CHARLOTTE KEATLEY'S classic drama of domesticity, now nearly a quarter of a century old, emerges brilliantly illumined in Chris Fulcher's studio production.

It covers 64 years and five generations of women – one of them a great-grandmother whom we have earlier seen as a thumb-sucking child – and in playing the generation game it is something of a challenge to its audience in its early stages. The cast of four, however, ensures that we quickly catch on, to become absorbed in the traumas that overtake a family whose members have clearly emerged from the same confident mould.

Jane Lush is Margaret, the grandmother. This is a beautiful, gentle, heart-warming performance. The voice is habitually quiet but we are left in no doubt about the turmoil within, much of it prompted by the illegitimate baby that she finds herself bringing up and who grows up regarding her as her mother. She is not helped by the fact that she has a job – and a husband, whom we do not see, who complains that he married a wife, not a working mother.
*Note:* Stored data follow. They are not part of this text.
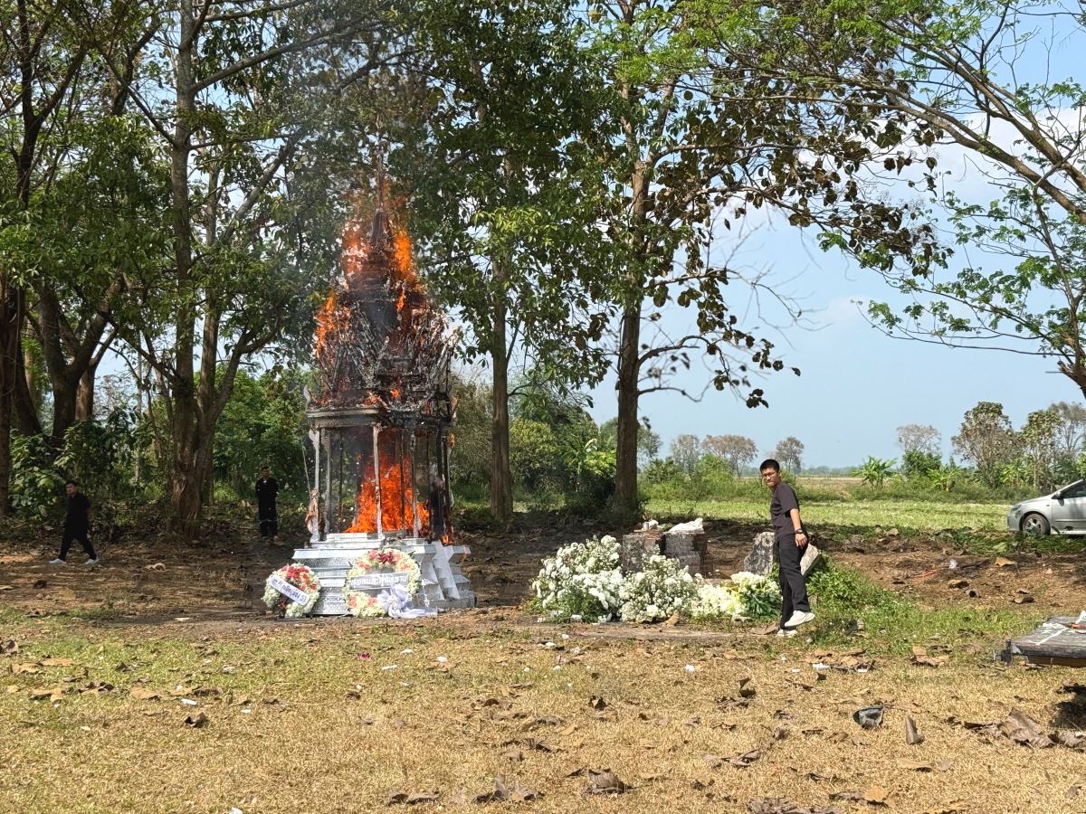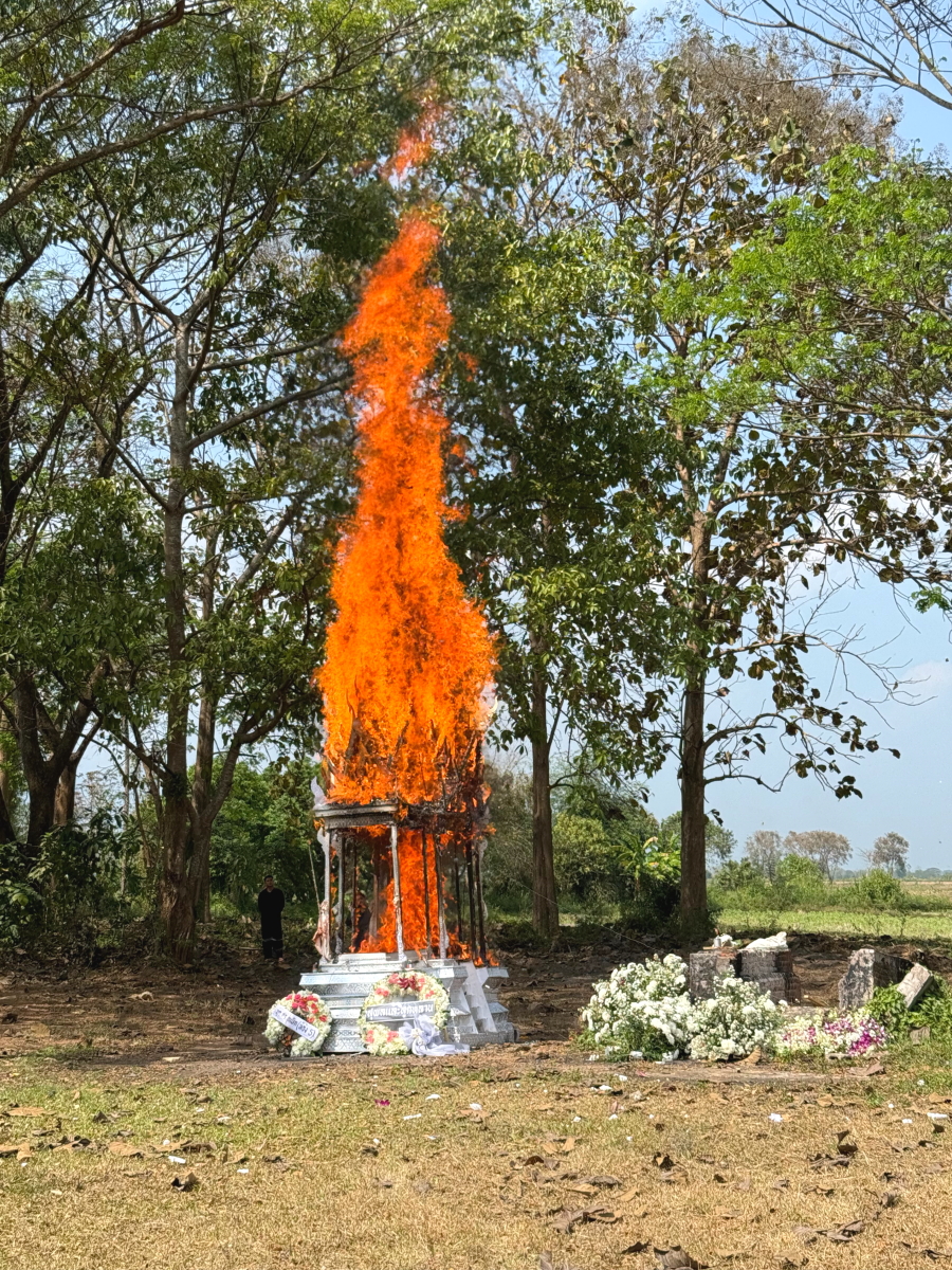 一連の最終イベント、ヤグラの後ろが窯ですが故人の遺言により、野焼きで荼毘に付します
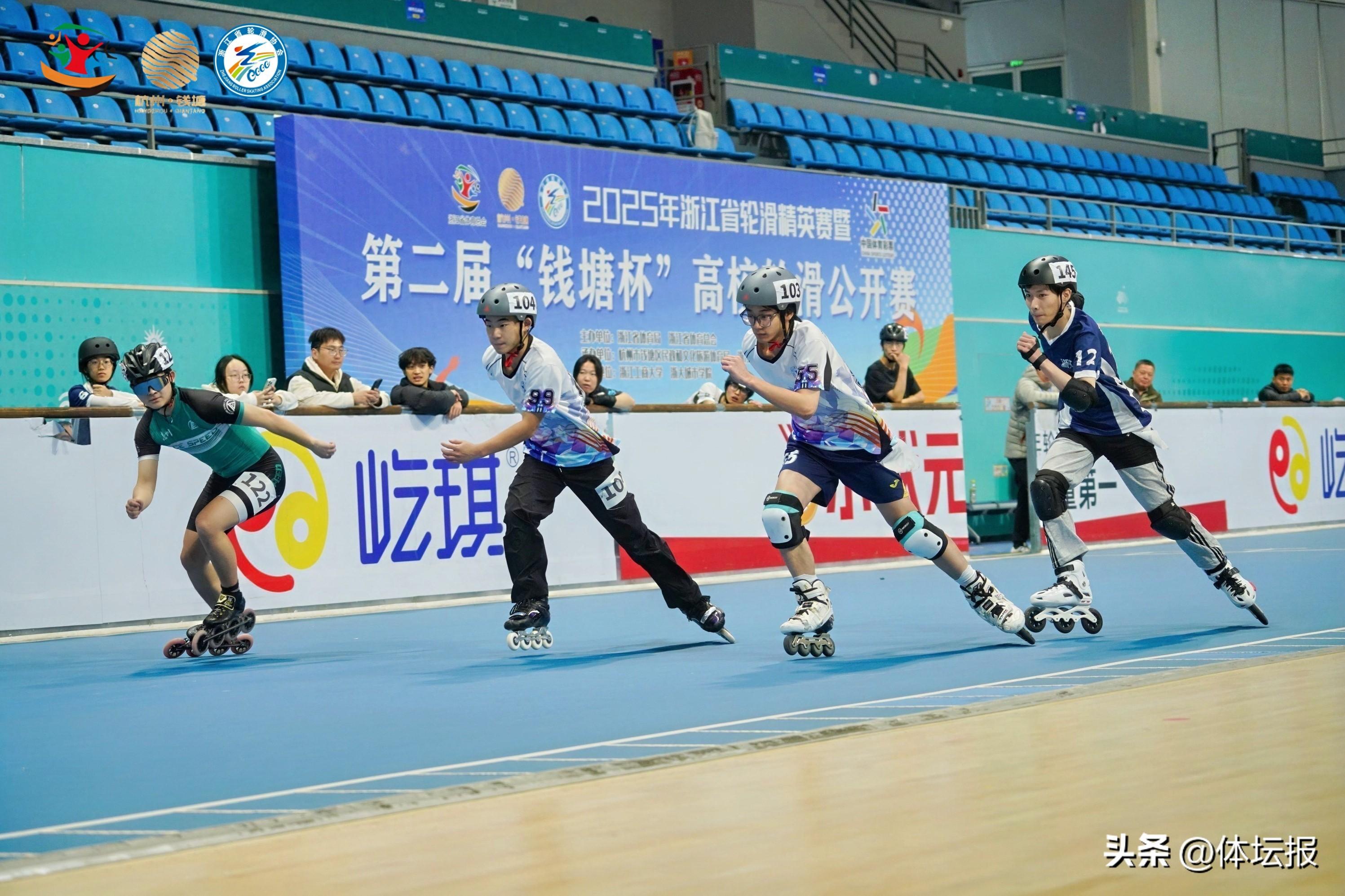 11月30日,爲期兩天的2025年浙江省輪滑精英賽暨“錢塘杯”第二屆高校輪滑公開賽在杭州錢塘輪滑中心順利落下帷幕。本次賽事由浙江省體育局、浙江省體育總會聯合主辦,杭州市錢塘區民政和文化旅遊體育局、浙江省輪滑協會共同承辦,並得到了浙江工商大學、浙大城市學院的協辦。賽事匯聚了來自全省各高校的輪滑精英,23個高校,近500人次的運動隊在輪滑場上揮灑青春汗水,角逐競技桂冠,爲初冬的錢塘江畔注入了澎湃的活力動能。
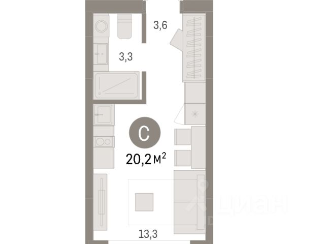 Квартира в рассрочку без процентов от застройщика. Эксклюзивные ипотечные условия. Дом будет сдан в 4 квартале 2025 года. Звоните, наши менеджеры вам все расскажут! Просторная однокомнатная студия с предчистовой отделкой в ЖК "Республики 205" на 6 этаже. Общая площадь: 19.82 кв.м., площадь гостиной 10.1 кв.м., из которых 5 кв.м. выделено под кухонную зону. Все окна выходят на одну сторону. В квартире один балкон, один совмещенный санузел. Высота потолков 2.6 м. Купить квартиру можно с помощью программ покупки от застройщика Брусника: - ипотека по эксклюзивной ставке с помощью в получении положительного кредитного решения через сервис ипотечный брокер; - квартиры в рассрочку без процентов от застройщика Брусника; - обмен квартиры на новую. Получить одобрение ипотеки или рассрочку, а также осуществить обмен квартир можно онлайн. Дом монолитный, многоподъездный, переменной этажности, от 9 до 17 этажей. Квартира находится в 5-й секции высотой 9 этажей в корпусе 1. На этаже 6 квартир. В подъезде 1 грузовой лифт. Начало строительства - 2 квартал 2023 года. На сегодняшний день строительство завершено, дом сдан в 4 квартале 2025 года. Оформление сделки по договору купли-продажи. Район Проект расположен в границах улиц Пермякова, Энергетиков, Воровского и Республики. До центра города — 10 минут на машине. Рядом — автомобильная развязка на пересечении улиц Пермякова и Республики. В шаговой доступности есть школы, детские сады, поликлиники, крупный торговый центр, автовокзал и несколько скверов. Проект "Республики 205" — это проект комплексного развития территории, уникальный по своему наполнению. Переосмысляя бывшую территорию завода медицинского оборудования, мы создадим новое место силы — микрорайон, насыщенный деловой, развлекательной, рекреационной, игровой, образовательной и медицинской инфраструктурой. До каждого полезного сервиса здесь можно будет дойти за 15 минут. Локальными центрами "Республики 205" будут общественные пространства — скверы, парки, бульвары и площади. В границах нашего участка мы намерены разместить школу, рассчитанную на 1550 учеников, два детских сада на 300 мест и встроенный детский сад на 100 мест. В одном из цехов бывшего завода расположится креативный кластер "Кузница". Он станет площадкой для нескольких институций — галереи, лектория, книжного магазина-библиотеки, кинобара и точек креативного pop-up-ритейла. Пешеходные бульвары внутри района соединят между собой улицу ресторанов, детские и спортивные площадки, событийную площадь и летний кинотеатр. Идентификатор квартиры по базе застройщика: МЕД01-01-5-5. #ZMgu5a Купить квартиру-студию на улице Республики в городе Тюмень.
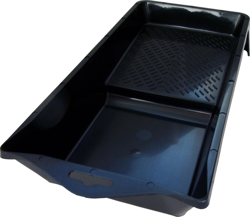 Accueillir et essorer la peinture. Bec verseur. Idéal pour la peinture appliquée avec une perche, bac posé au sol. Facile à nettoyer.
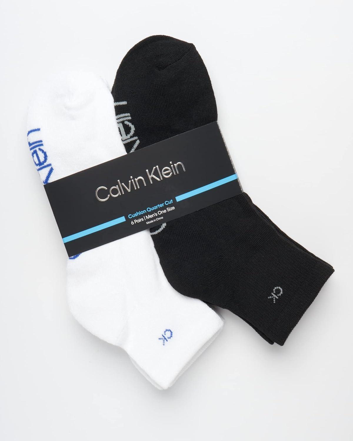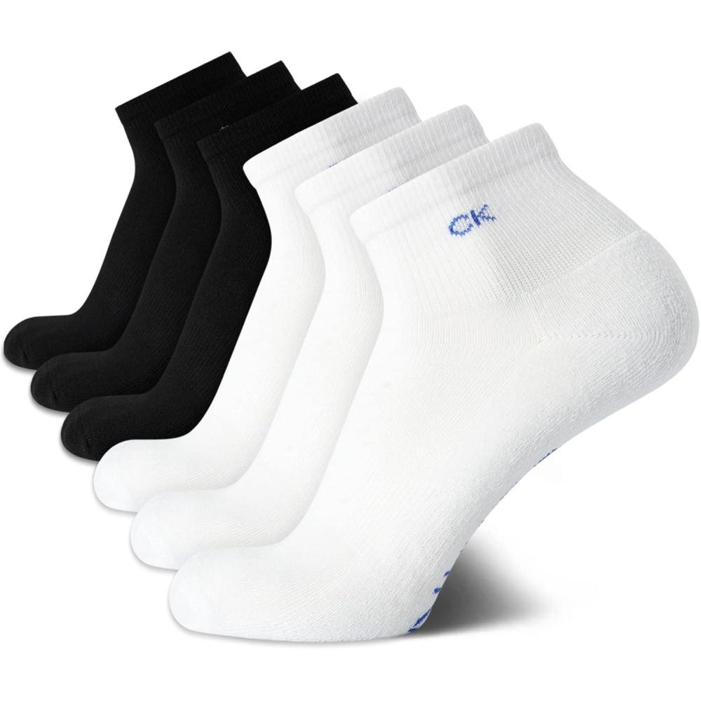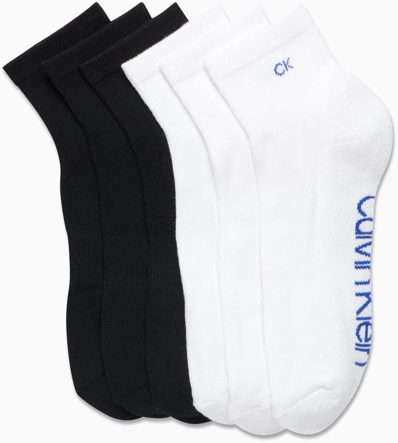 Calvin Klein Mens Quarter Socks - 6 Pack Cushioned Mini Crew Athletic Socks for Men, Ideal for Running, Sport, and Hiking(Black/White)
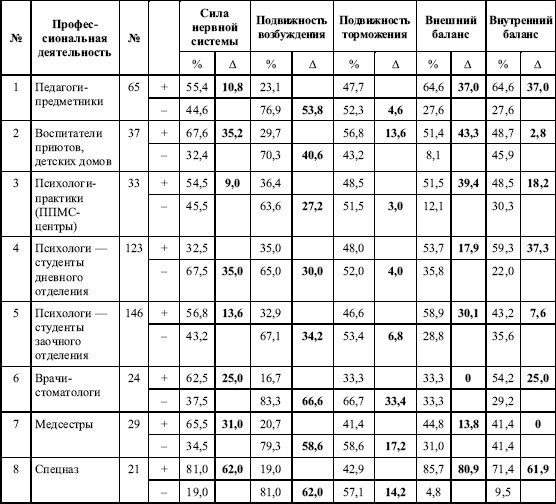 Из представленных в таблице данных видно, что спецназовцы сильно выделяются среди представителей других профессий по количеству лиц с сильной нервной системой (81 %). Выделяются этой же особенностью работники стоматологических поликлиник (врачи, медсестры) и воспитатели приютов и детских домов, деятельность которых тоже нередко проходит в экстремальных ситуациях и требует, как говорят в народе, «крепких нервов». Спецназовцы отличаются также высоким процентом лиц с преобладанием возбуждения по «внешнему» и «внутреннему» балансу.

Margaret is strong – and she has to be, because there is also turmoil in her surroundings, much of it prompted by granddaughter Rosie (Poppy Cooksey-Heyfron), who is tough, strident and worried about nuclear war, not getting a job and whether or not teacher fancies her. Lisa Hill is Jackie – impractical Jackie, who nevertheless is apparently capable of fixing the boiler when the need arises. When it is time to face up to tragedy, it is Jackie who shares a particularly harrowing and sharply drawn scene with Rosie. 

Great-grandmother Doris is Michelle Whitfield, the observer of life, the dispenser of wry one-liners, the one who enjoys winding up the younger generation but says she doesn't want to be a nuisance to anybody.

These are four outstanding performances. It is a shame that we cannot see them in their entirety if we are not sitting in the front row, even though there is new raked flooring that was built only 24 hours before curtain-up, because the action frequently finds the actresses kneeling on the floor. But this is a price worth paying for an evening of excellent theatre. To 17.4.10.